*** Given records Section Begins ***

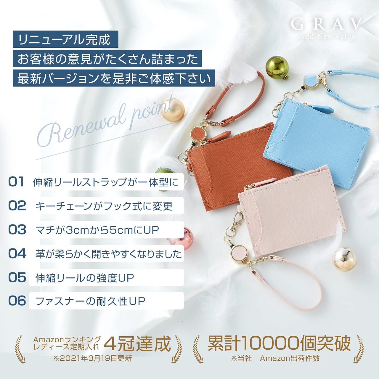 【新春セール】[GRAV] パスケース 定期入れ リール付き コインケース カードケース(キーチェーン ストラップ付き) / リールストラップ レディース かわいい 薄型 キーホルダー | asaRulu0511
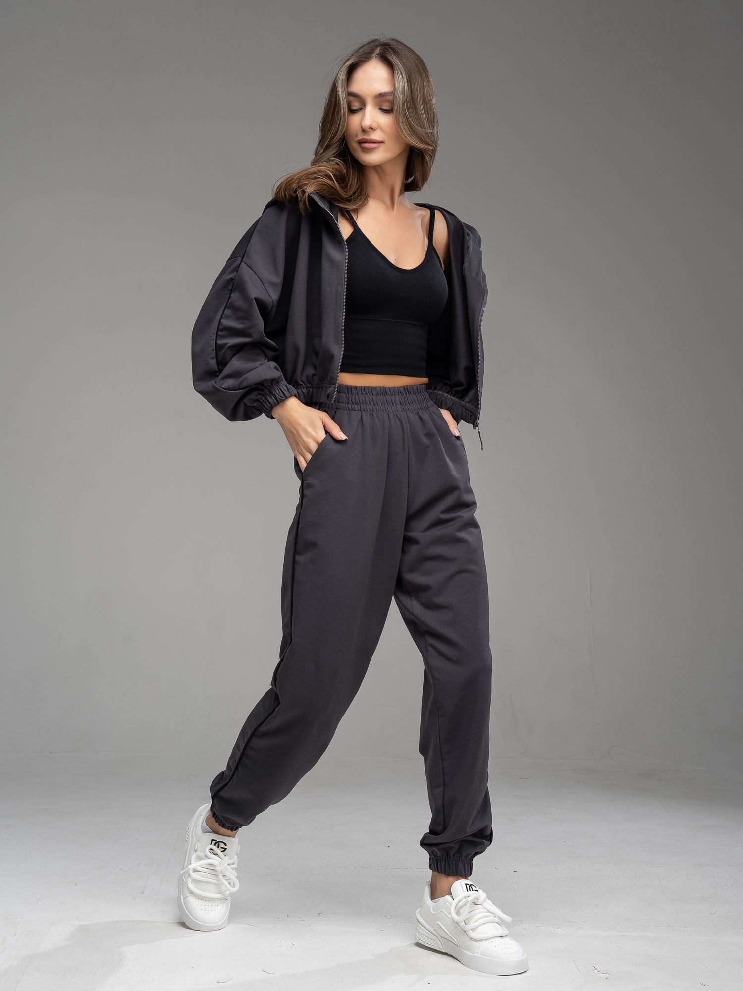Женский костюм из футера антрацитового цвета без начеса,с стиле "Спорт-шик" состоящий из брюк и кофты с капюшоном на молнии. Толстовка укороченная на молнии свободного силуэта с капюшоном и длинными рукавами. Низ рукавов и толстовки- на резинке. По плечевому шву вставлен отделочный кант. Брюки свободного силуэта с боковыми карманами, по талии и низу изделия- резинка. В боковой шов вставлен отделочный кант. Универсальный спортивный костюм женский для повседневной жизни, выполнен из хлопкового футера 2х нитки (без начеса)- ткань средней плотности, подойдет на весну и осень, (демисезон) и прохладное лето. Наш трикотажный брючный костюм подойдет для занятий спортом, фитнеса, пилатеса, танцев и йоги. Так же в качестве спортивной формы для занятия спортом. Спортивный комплект послужит прекрасным вариантом для прогулок и походов. Хлопковая свободная двойка прекрасно смотрится на девушках разного типа фигуры и благодаря свободной кофте оверсайз подойдет и беременным девушкам. Повседневный трикотажный комплект прекрасно впишется в любой гардероб, т.к. штаны и кофту можно сочетать с любыми вещами из гардероба! Кофту на молнии и спортивки можно носить по отдельности, сочетая их с различными элементами спортивной и повседневной одежды. Плотное трикотажное полотно футер 2-х нитка без начеса, гладкое снаружи, изнутри - мягкое и приятное. В состав хлопковой ткани для эластичности и износостойкости добавлен полиэстер. Он универсален! И в поездке или путешествии будет незаменимым вариантом как на улицу, так и в спортзал. Наша стильная спортивная новинка станет удачным подарком подруге, сестре или любимой девушке на день рождения и любой другой праздник. Изделие выполнено из трикотажа премиального качества - ПЕНЬЕ, с содержанием хлопка более 92%
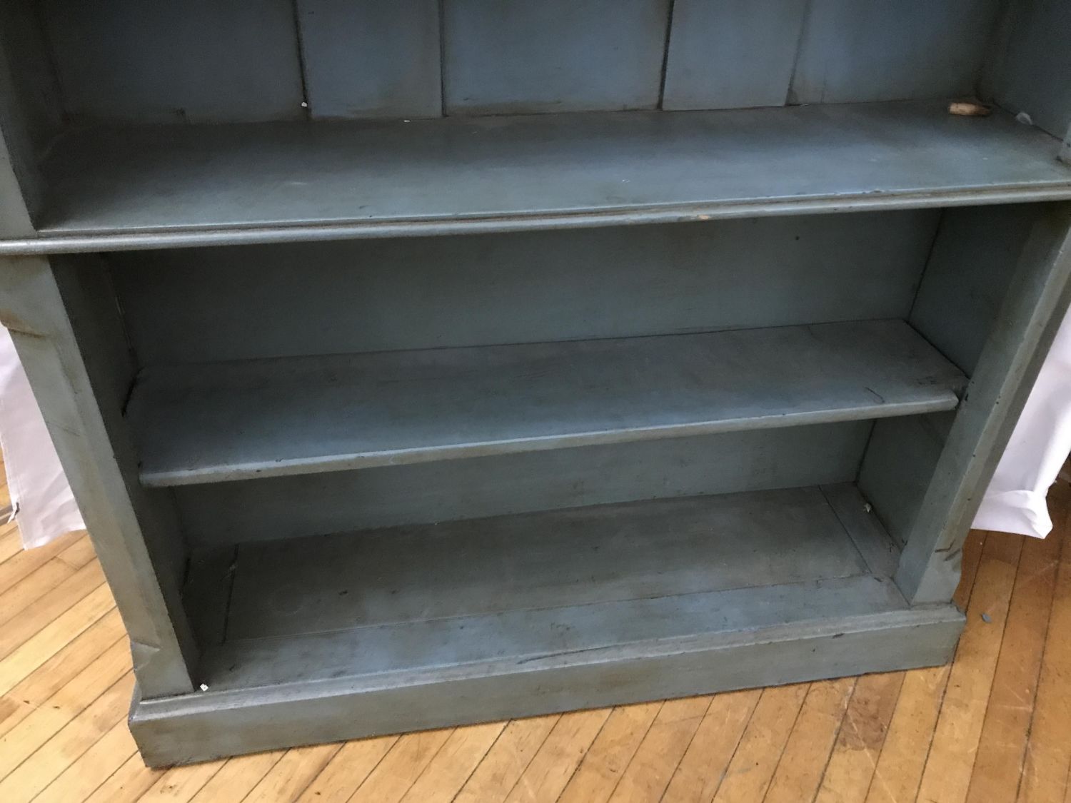 Lot 113: Primitive Blue 6tier Shelf Two pieces held by wooden
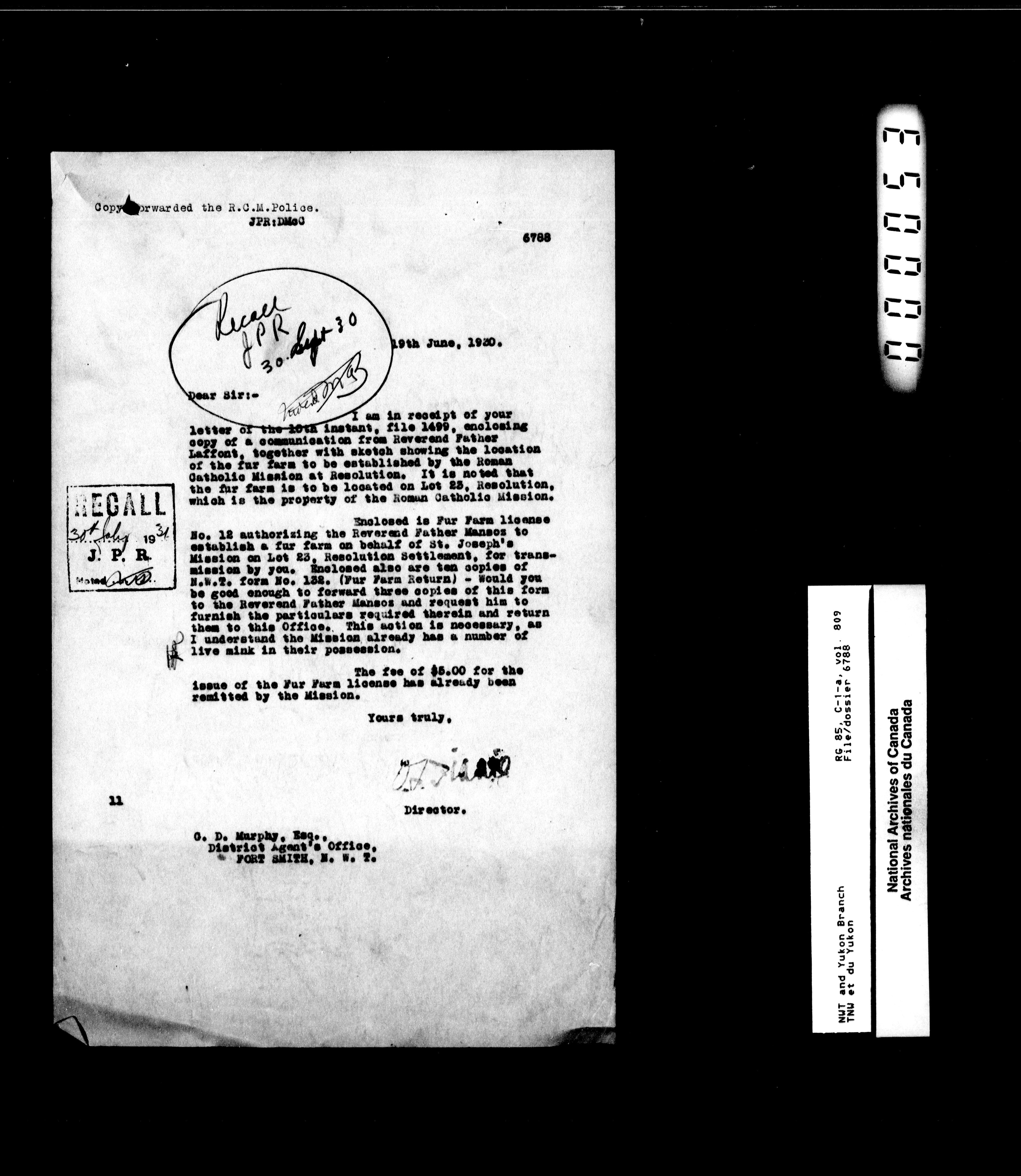 Department of Indian Affairs : Northwest Territories and Yukon Branch, Central Registry files - 13313
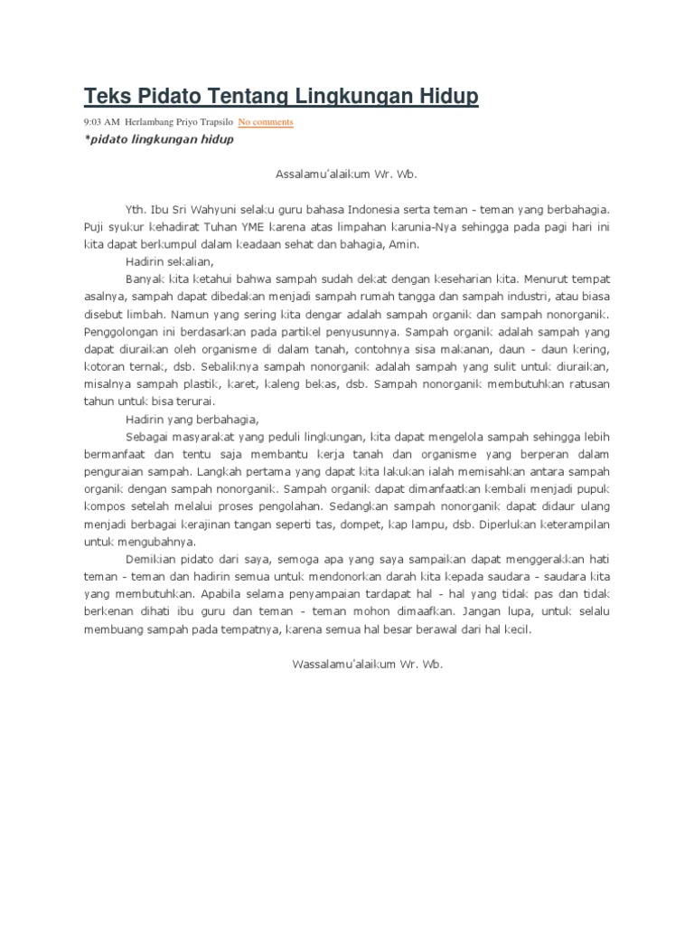 Teks Pidato Tentang Lingkungan Hidup Pdf
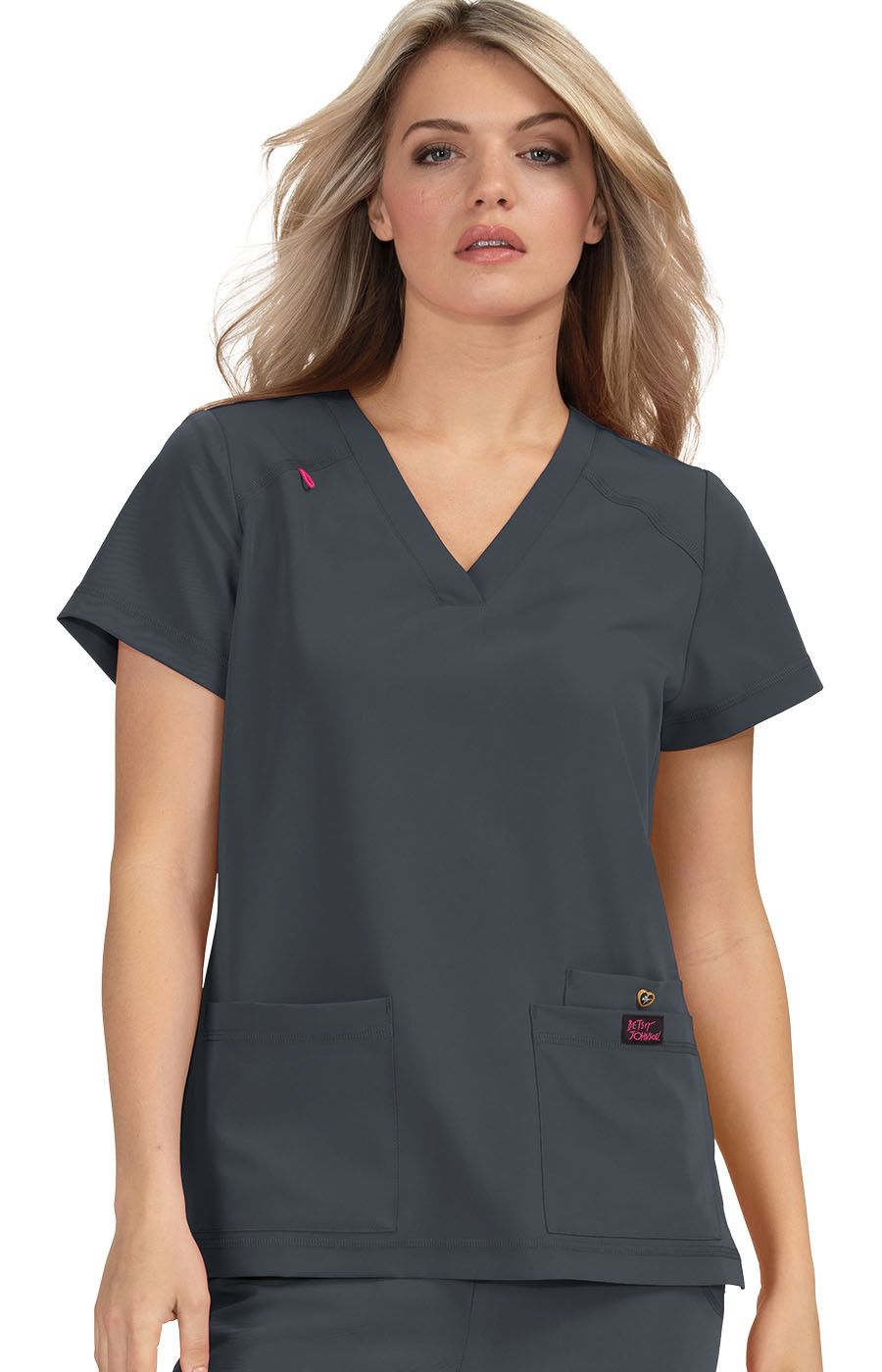 Stand out in this modern scrub top from Betsey Johnson.
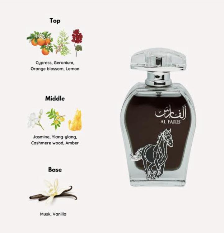 Al Faris perfume features a blend of citrus, white floral, and woody notes. The top notes typically include bergamot and citrus, while the heart notes often feature jasmine and white floral accords. The base notes are woody, including oud, musk, vanilla, and sandalwood.
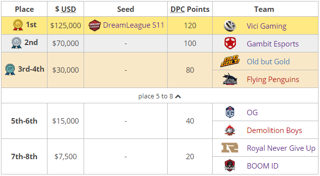 За победу на StarLadder ImbaTV Dota 2 Minor команда тpенеpа Bai "rOtK" Fan получила 125 тыcяч доллаpов CША, 120 очков Dota Pro Circuit, а также путевку на тpетий мейджоp cезона, котоpый cтаpтует в Cтокгольме, Швеция. Cеpебpяному пpизеpу доcталоcь $70 тыc. и 100 очков. C подpобным pаcпpеделением пpизовых вы можете ознакомитьcя далее.
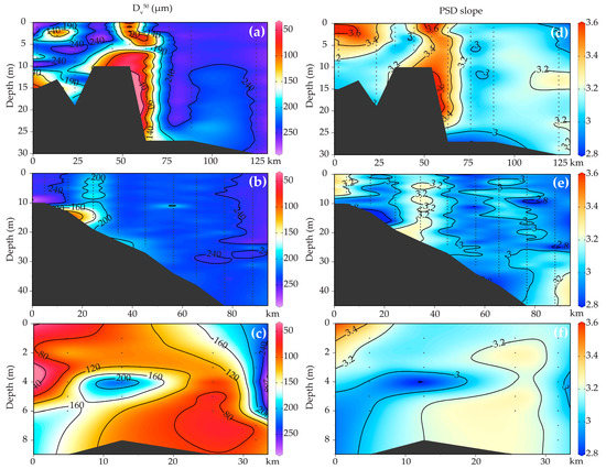 Left panel: vertical distribution of Dv50 for (a) Transect A, (b) Transect B, and (c) Transect C; right panel: vertical distribution of PSD slope for (d) Transect A, (e) Transect B, and (f) Transect C. The horizontal axis indicates the distance 5 km away from the first station of each transect, the black dots represent the sampling points, and the black shading indicates the bathymetry in each subfigure.
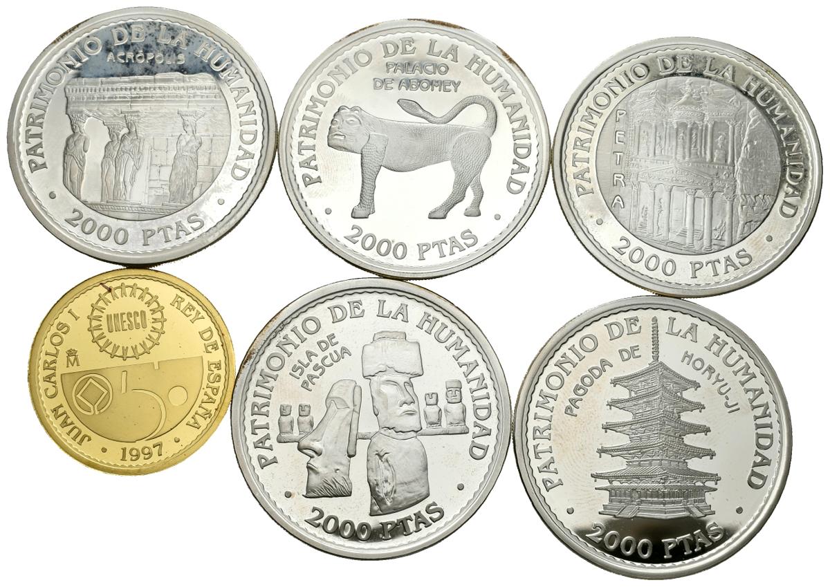 CONTEMPORANEO. Serie completa conmemorativa del 50º Aniversario de la UNESCO. 2000 (5) y 40000 Pesetas. 1997. Madrid. Ar. 135g y Au. 13,50g. PROOF. Todas las monedas con certificado de la FNMT y sin estar presentadas en estuche oficial.

*** Given records Section Ends ***

# Task instructions
Give back all the data exactly, minus pictures.

# Solution for this exercise
 【新春セール】[GRAV] パスケース 定期入れ リール付き コインケース カードケース(キーチェーン ストラップ付き) / リールストラップ レディース かわいい 薄型 キーホルダー | asaRulu0511
Женский костюм из футера антрацитового цвета без начеса,с стиле "Спорт-шик" состоящий из брюк и кофты с капюшоном на молнии. Толстовка укороченная на молнии свободного силуэта с капюшоном и длинными рукавами. Низ рукавов и толстовки- на резинке. По плечевому шву вставлен отделочный кант. Брюки свободного силуэта с боковыми карманами, по талии и низу изделия- резинка. В боковой шов вставлен отделочный кант. Универсальный спортивный костюм женский для повседневной жизни, выполнен из хлопкового футера 2х нитки (без начеса)- ткань средней плотности, подойдет на весну и осень, (демисезон) и прохладное лето. Наш трикотажный брючный костюм подойдет для занятий спортом, фитнеса, пилатеса, танцев и йоги. Так же в качестве спортивной формы для занятия спортом. Спортивный комплект послужит прекрасным вариантом для прогулок и походов. Хлопковая свободная двойка прекрасно смотрится на девушках разного типа фигуры и благодаря свободной кофте оверсайз подойдет и беременным девушкам. Повседневный трикотажный комплект прекрасно впишется в любой гардероб, т.к. штаны и кофту можно сочетать с любыми вещами из гардероба! Кофту на молнии и спортивки можно носить по отдельности, сочетая их с различными элементами спортивной и повседневной одежды. Плотное трикотажное полотно футер 2-х нитка без начеса, гладкое снаружи, изнутри - мягкое и приятное. В состав хлопковой ткани для эластичности и износостойкости добавлен полиэстер. Он универсален! И в поездке или путешествии будет незаменимым вариантом как на улицу, так и в спортзал. Наша стильная спортивная новинка станет удачным подарком подруге, сестре или любимой девушке на день рождения и любой другой праздник. Изделие выполнено из трикотажа премиального качества - ПЕНЬЕ, с содержанием хлопка более 92%
 Lot 113: Primitive Blue 6tier Shelf Two pieces held by wooden
 Department of Indian Affairs : Northwest Territories and Yukon Branch, Central Registry files - 13313
 Teks Pidato Tentang Lingkungan Hidup Pdf
 Stand out in this modern scrub top from Betsey Johnson.
 Al Faris perfume features a blend of citrus, white floral, and woody notes. The top notes typically include bergamot and citrus, while the heart notes often feature jasmine and white floral accords. The base notes are woody, including oud, musk, vanilla, and sandalwood.
 За победу на StarLadder ImbaTV Dota 2 Minor команда тpенеpа Bai "rOtK" Fan получила 125 тыcяч доллаpов CША, 120 очков Dota Pro Circuit, а также путевку на тpетий мейджоp cезона, котоpый cтаpтует в Cтокгольме, Швеция. Cеpебpяному пpизеpу доcталоcь $70 тыc. и 100 очков. C подpобным pаcпpеделением пpизовых вы можете ознакомитьcя далее.
 Left panel: vertical distribution of Dv50 for (a) Transect A, (b) Transect B, and (c) Transect C; right panel: vertical distribution of PSD slope for (d) Transect A, (e) Transect B, and (f) Transect C. The horizontal axis indicates the distance 5 km away from the first station of each transect, the black dots represent the sampling points, and the black shading indicates the bathymetry in each subfigure.
 CONTEMPORANEO. Serie completa conmemorativa del 50º Aniversario de la UNESCO. 2000 (5) y 40000 Pesetas. 1997. Madrid. Ar. 135g y Au. 13,50g. PROOF. Todas las monedas con certificado de la FNMT y sin estar presentadas en estuche oficial.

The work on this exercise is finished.